- _Prompt_: You are asked to reproduce the listing exactly and to omit its pictures.

- _Data provided_:
════════
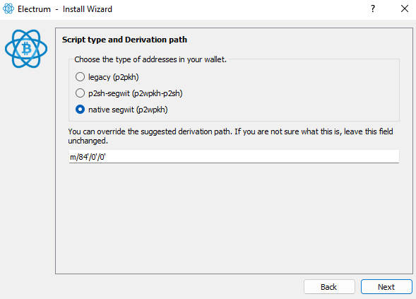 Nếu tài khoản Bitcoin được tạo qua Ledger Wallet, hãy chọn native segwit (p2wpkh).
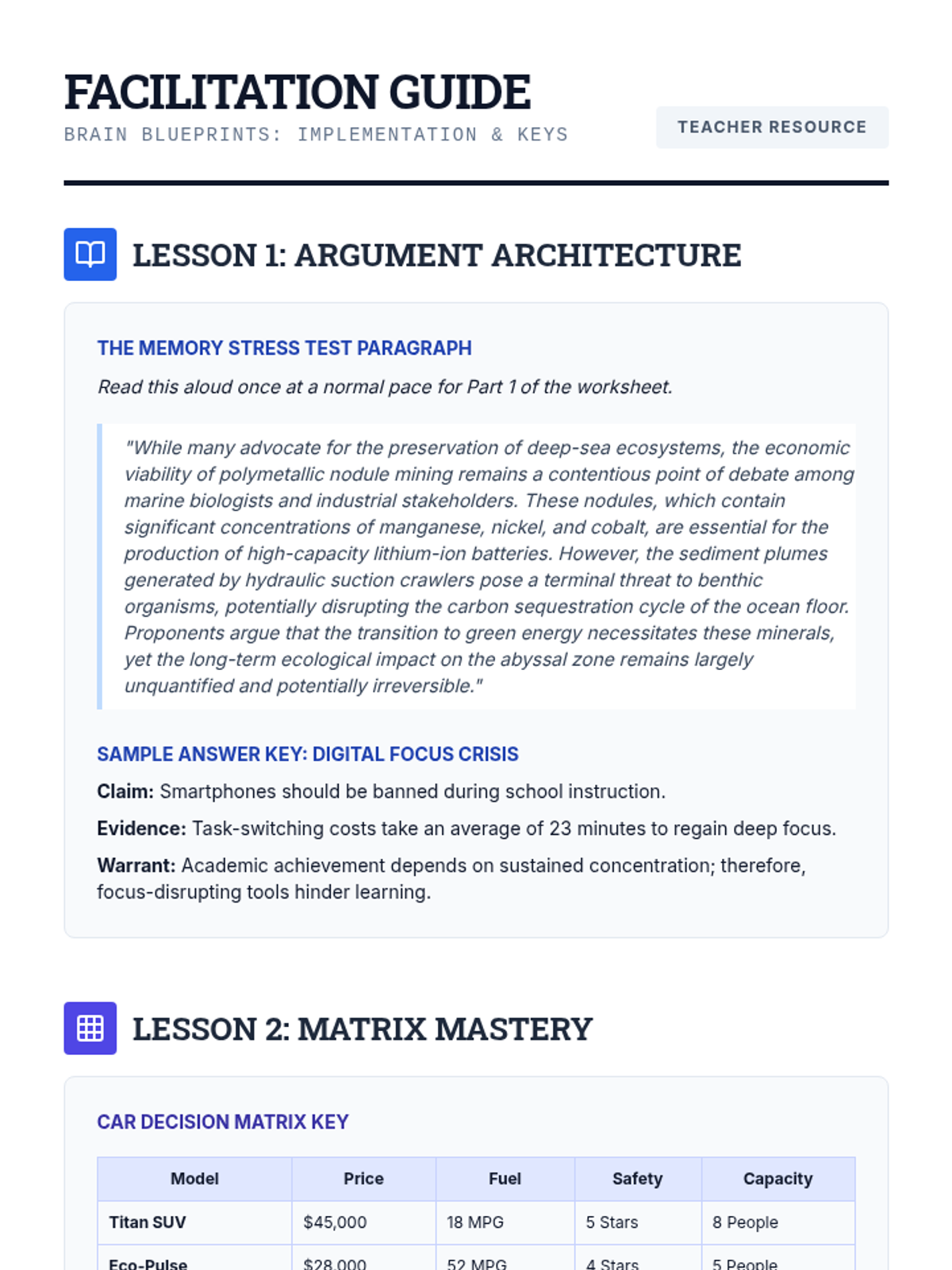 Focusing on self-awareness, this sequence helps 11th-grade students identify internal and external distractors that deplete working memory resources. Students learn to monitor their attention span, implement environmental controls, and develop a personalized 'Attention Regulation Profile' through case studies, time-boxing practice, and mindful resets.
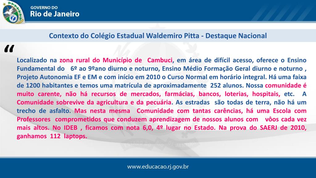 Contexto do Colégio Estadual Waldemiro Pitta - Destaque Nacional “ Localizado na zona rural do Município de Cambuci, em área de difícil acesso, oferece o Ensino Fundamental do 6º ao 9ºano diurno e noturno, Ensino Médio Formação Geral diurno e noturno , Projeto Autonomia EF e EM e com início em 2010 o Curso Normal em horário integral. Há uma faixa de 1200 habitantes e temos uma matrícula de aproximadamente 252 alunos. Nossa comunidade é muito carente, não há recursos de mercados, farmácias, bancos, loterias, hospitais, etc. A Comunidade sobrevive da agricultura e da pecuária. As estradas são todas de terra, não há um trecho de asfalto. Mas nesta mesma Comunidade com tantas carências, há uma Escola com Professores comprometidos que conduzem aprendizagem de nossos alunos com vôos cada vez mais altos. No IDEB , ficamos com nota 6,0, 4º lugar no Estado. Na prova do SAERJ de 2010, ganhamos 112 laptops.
════════
- _Expected output_:
 Nếu tài khoản Bitcoin được tạo qua Ledger Wallet, hãy chọn native segwit (p2wpkh).
 Focusing on self-awareness, this sequence helps 11th-grade students identify internal and external distractors that deplete working memory resources. Students learn to monitor their attention span, implement environmental controls, and develop a personalized 'Attention Regulation Profile' through case studies, time-boxing practice, and mindful resets.
 Contexto do Colégio Estadual Waldemiro Pitta - Destaque Nacional “ Localizado na zona rural do Município de Cambuci, em área de difícil acesso, oferece o Ensino Fundamental do 6º ao 9ºano diurno e noturno, Ensino Médio Formação Geral diurno e noturno , Projeto Autonomia EF e EM e com início em 2010 o Curso Normal em horário integral. Há uma faixa de 1200 habitantes e temos uma matrícula de aproximadamente 252 alunos. Nossa comunidade é muito carente, não há recursos de mercados, farmácias, bancos, loterias, hospitais, etc. A Comunidade sobrevive da agricultura e da pecuária. As estradas são todas de terra, não há um trecho de asfalto. Mas nesta mesma Comunidade com tantas carências, há uma Escola com Professores comprometidos que conduzem aprendizagem de nossos alunos com vôos cada vez mais altos. No IDEB , ficamos com nota 6,0, 4º lugar no Estado. Na prova do SAERJ de 2010, ganhamos 112 laptops.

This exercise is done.